Reviewed by Julie M. Winter, Gonzaga University
The most striking feature of this book is the author’s tone. Lieber sounds as though she is directly addressing her students in a classroom. Explanations of topics are easy to understand and accessible without being oversimplified. The tone of the text assumes that students are interested in the topic and are intelligent, careful readers exploring an area that is new to them.
In keeping with the author’s tone are some additions useful in an introductory morphology text. Each chapter includes one or more ‘challenge’ boxes, or exercises, addressing a point just explained in the text. These exercises give students the opportunity to ‘take a breather from reading or class lecture and try something out for themselves’ (x) and can be used in class discussion, group work, or as homework assignments.
Other valuable features are the chapter outlines at the beginning of each chapter and the summaries at the end. Clear drawings and diagrams illustrate main points throughout the text. Each chapter also contains a good selection of exercises at the end (in addition to the ‘challenge’ boxes) to allow students to practice morphology on their own. This is in keeping with the author’s goal of making morphology accessible and hands-on for students. The nature of the exercises could allow for lively discussions in class after students have individually completed them. For example, in the chapter ‘Words, dictionaries, and the mental lexicon’, students are asked to carry out searches in the online Oxford English dictionary, and to visit the Word Spy website to look at new words to see whether they use these words themselves and whether they agree with the definitions.
The chapter on dictionaries nicely illustrates how the author’s experience teaching morphology influences the text. She finds that students generally experience some interference when thinking about word formation and the mental lexicon; it is therefore advantageous to devote time to dictionaries to help students distinguish the formal record-keeping function of dictionaries from the human ability to organize and formulate words in the mind and understand that there are morphological rules underlying them.

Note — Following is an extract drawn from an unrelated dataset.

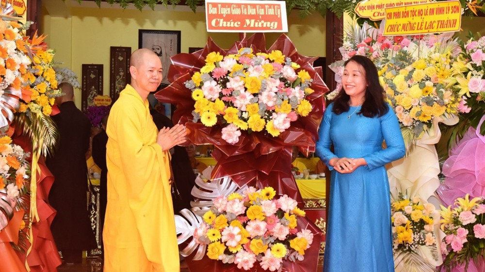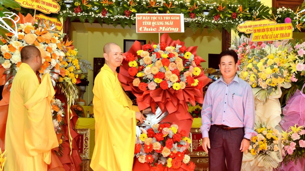 Tại buổi lễ, Ban Trị sự GHPGVN tỉnh Quảng Ngãi, Học viện Phật giáo Việt Nam tại TP. Huế, Ban Giáo dục Phật giáo tỉnh Quảng Ngãi, Trường Trung cấp Phật học tỉnh Quảng Ngãi cùng các cơ quan, đơn vị hữu quan đã gửi lẵng hoa tươi thắm và những phần quà ý nghĩa chúc mừng.

Several chapters include ‘How to’ sections that take students through the process of analyzing morphological data step by step, and an excellent glossary of linguistic terms rounds out the book. Furthermore, data from languages other than English is included to aid students in understanding the universality of morphological rules.
Finally, the author saves morphological theory until the last chapter so that students first gain a firm footing in morphological rules before embarking on theoretical concerns, a reasonable approach in an introduction to morphology. All in all, this is a comprehensive, informative, and well-written introductory level text with a great deal of hands-on material to make morphology come alive.